Personal information
- Full name: John James
- Nickname: Johnny
- Born: 18 January 1934
- Died: 8 December 2010 (aged 76) Robinvale, Victoria
- Original team: St Patrick's College
- Height: 175 cm (5 ft 9 in)
- Weight: 81 kg (179 lb)
- Position: Half back flank

Playing career^{1}
- Years: Club / Games (Goals)
- 1953–1963: Carlton / 195 (31)

Representative team honours
- Years: Team / Games (Goals)
- 1955–1962: Victoria / 15 (?)
- ^{1} Playing statistics correct to the end of 1963.^{2} Representative statistics correct as of 1962.

Career highlights
- Brownlow Medal: 1961; Carlton best and fairest: 1955, 1960, 1961;

= John James (Australian rules footballer) =

Australian rules footballer, born 1934

John James (18 January 1934 – 8 December 2010) was a leading Australian rules footballer in the Victorian Football League (VFL). He won the Brownlow Medal, the highest individual honour in the sport, in 1961.

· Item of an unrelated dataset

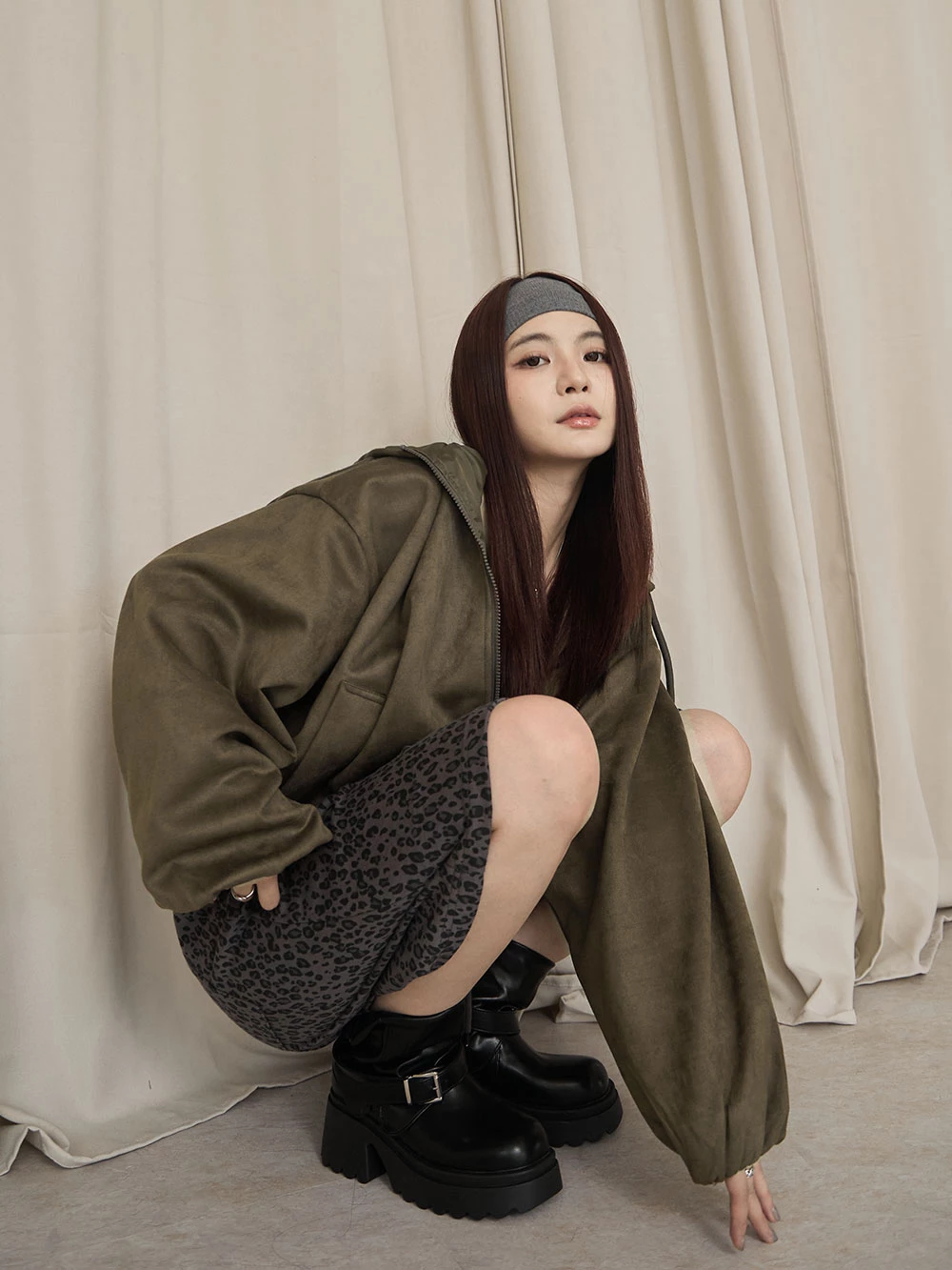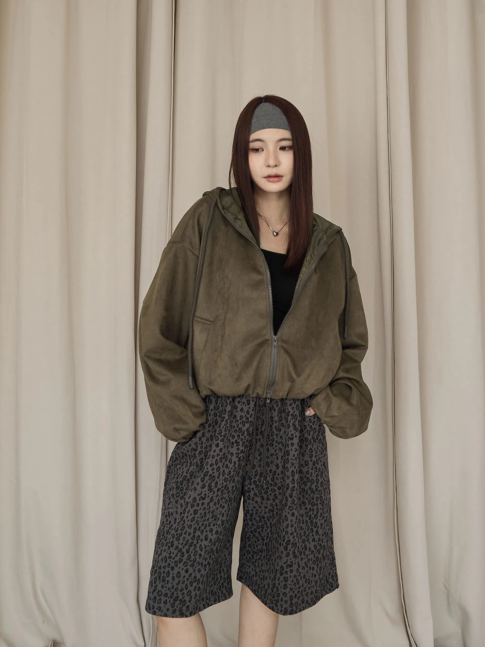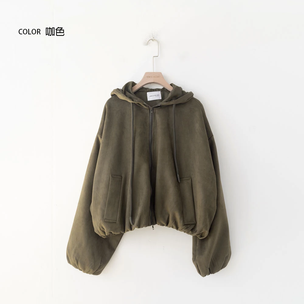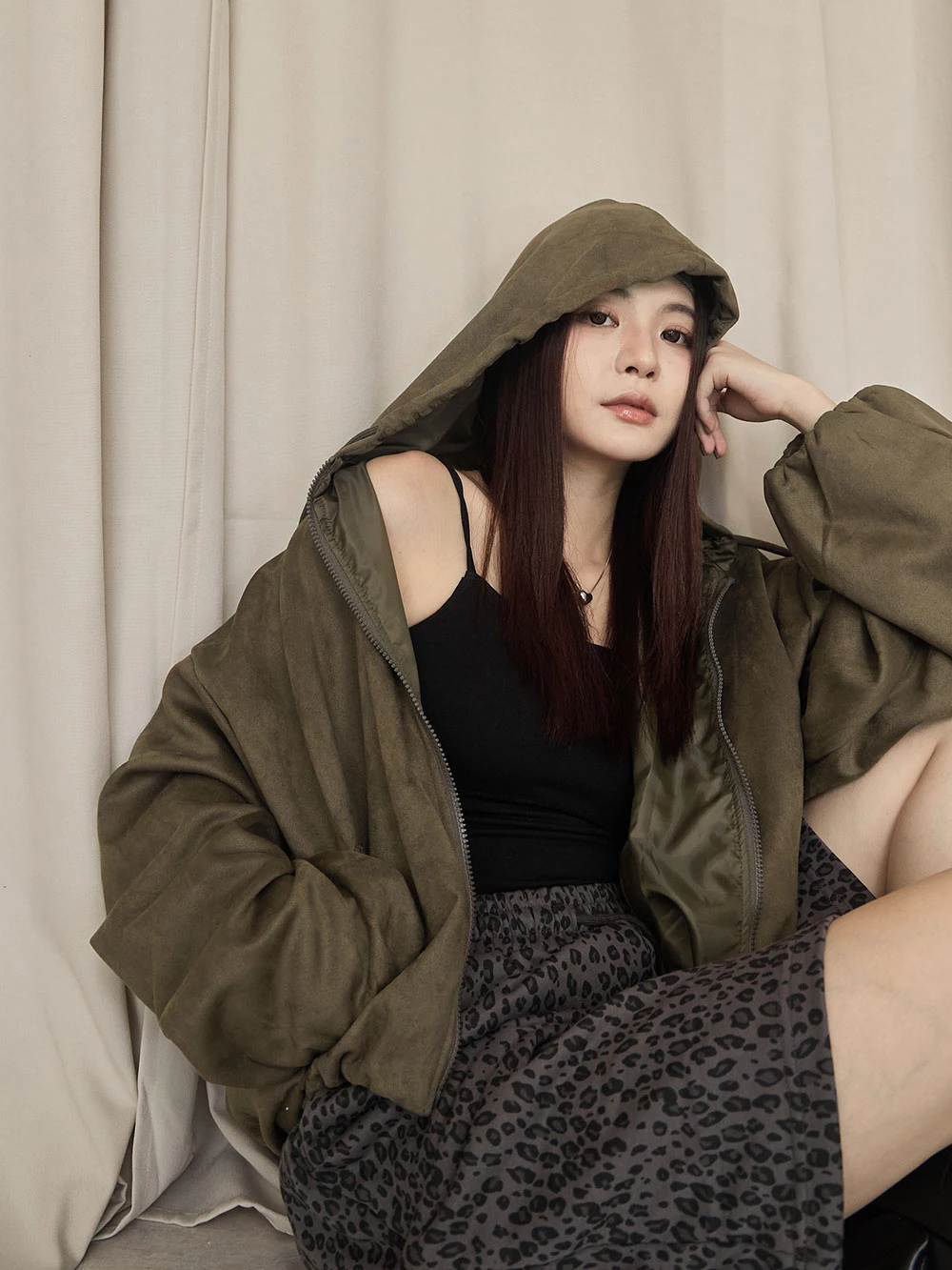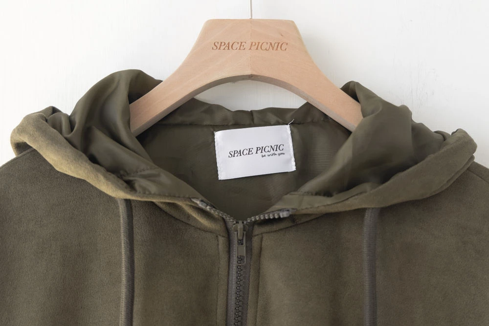 麂皮絨短版雙拉鍊連帽外套 | Space Picnic

Recruited from St. Patrick's College, Ballarat where in one match in 1952, he kicked 35 goals against Ballarat High School.

James played for the Carlton Football Club from 1953 to 1963, playing 195 games. He finished third in the 1957 Brownlow Medal count and won the award in 1961. He won the Carlton Best and Fairest three times (in 1955, 1960 and 1961). James was named on the half-back flank in the Carlton Team of the Century.

In his debut season, James played off a half-forward flank and booted the terribly inaccurate figures of eight goals, 43 behinds. Throughout his career he played in a variety of positions, including the backline. After his retirement in 1963, he went to coach Robinvale in the Sunraysia Football League.

James died in Robinvale, Victoria, on 8 December 2010, following a stroke.